Cooperman B S, Jaynes E N, Brunswick D J, Luddy M A
Proc Natl Acad Sci U S A. 1975 Aug;72(8):2974-8. doi: 10.1073/pnas.72.8.2974.
[3H]Puromycin and N-(ethyl-2-diazomalonyl)[3H]puromycin are incorporated into E. coli ribosomes on irradiation at 253.7 nm. Both compounds incorporate into both protein and nucleic acid. Two-dimensional gel electrophoresis of ribosomal protein shows that L23 is the major protein labeled by puromycin. Although incorporation is clearly a complex process, evidence is presented that L23 is labeled via an affinity labeling process, thus placing L23 at the aminoacyl-tRNA receptor (A) site. N-(ethyl-2-diazomalonyl)puromycin is a ribosomal ligand, as shown by its inhibition of two ribosomal assays, but it is not a good puromycin analog, and it is unclear whether its incorporation, which proceeds via both carbene-dependent and carbene-independent processes, results from affinity labeling.

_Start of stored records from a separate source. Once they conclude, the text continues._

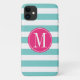 Coques Case-Mate iPhone Monogrammes personnalisés de bandes bleu clair et
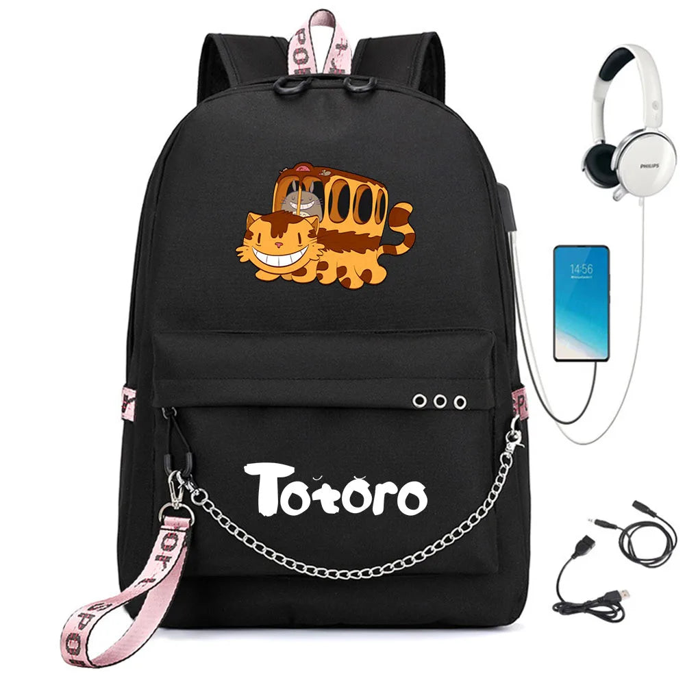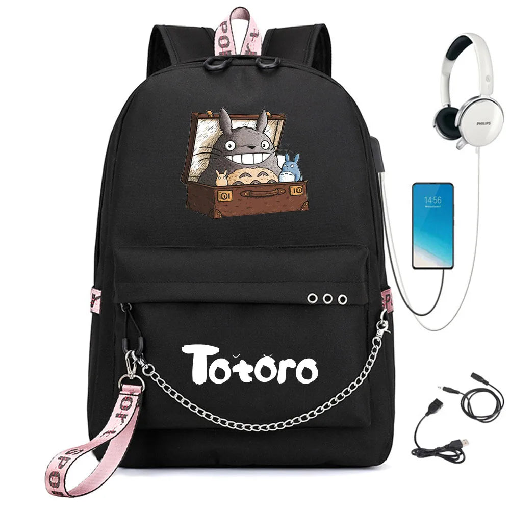 This casual backpack features a cute Totoro print design, perfect for students and travelers alike. It has a USB charging port for convenience.
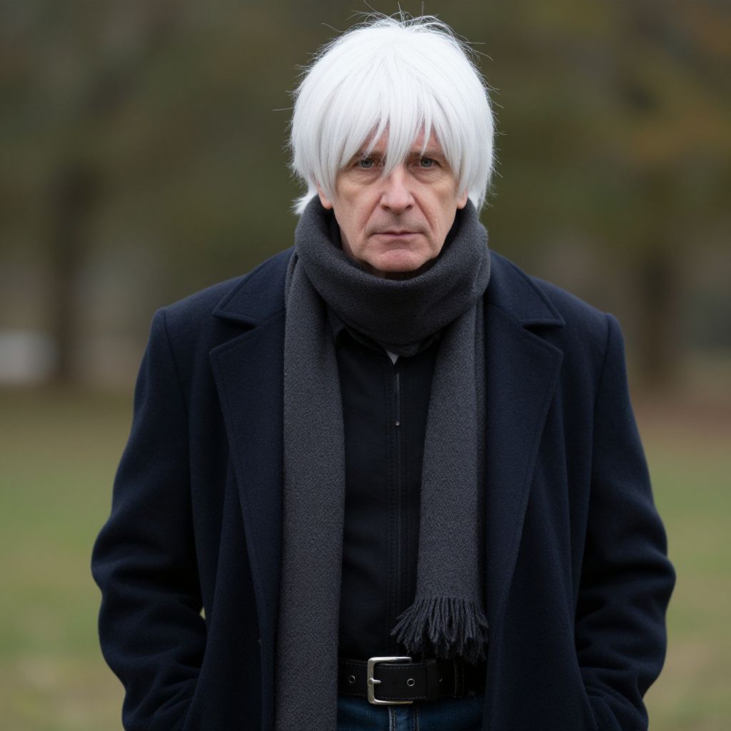 "man overcoat costume, 1boy, male focus, solo, coat, hands in pockets, old, blurry, outdoors, blurry background, old man, upper body, white hair, black coat Realistic photo of casual sexy person with pretty face"
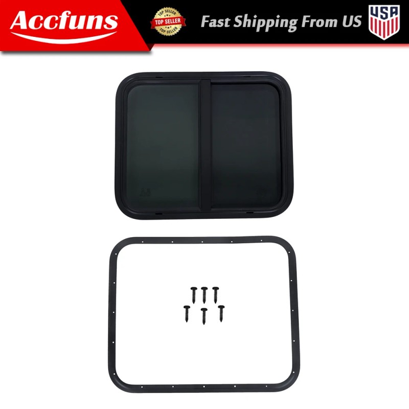 munirater For 24" Width x 20" Height Trailer Horizontal Slider RV Window W/ Screen Black
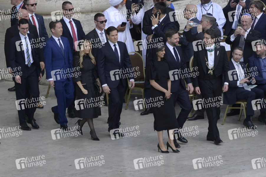 Marco Rubio mit Ehefrau Jeanette Dousdebes Rubio und J.D. Vance mit Ehefrau Usha Vance bei der Amtseinführung von Papst Leo XIV. auf dem Petersplatz. Vatikanstadt, 18.05.2025

[3H]嘌呤霉素和N-(乙基-2-重氮丙二酰基)[3H]嘌呤霉素在253.7nm光照下可掺入大肠杆菌核糖体。这两种化合物均可掺入蛋白质和核酸中。核糖体蛋白的二维凝胶电泳显示,L23是被嘌呤霉素标记的主要蛋白质。尽管掺入显然是一个复杂的过程,但有证据表明L23是通过亲和标记过程被标记的,因此L23位于氨酰-tRNA受体(A)位点。N-(乙基-2-重氮丙二酰基)嘌呤霉素是一种核糖体配体,这可通过其对两种核糖体检测的抑制作用得到证明,但它不是一种良好的嘌呤霉素类似物,并且尚不清楚其通过卡宾依赖性和卡宾非依赖性过程进行的掺入是否源于亲和标记。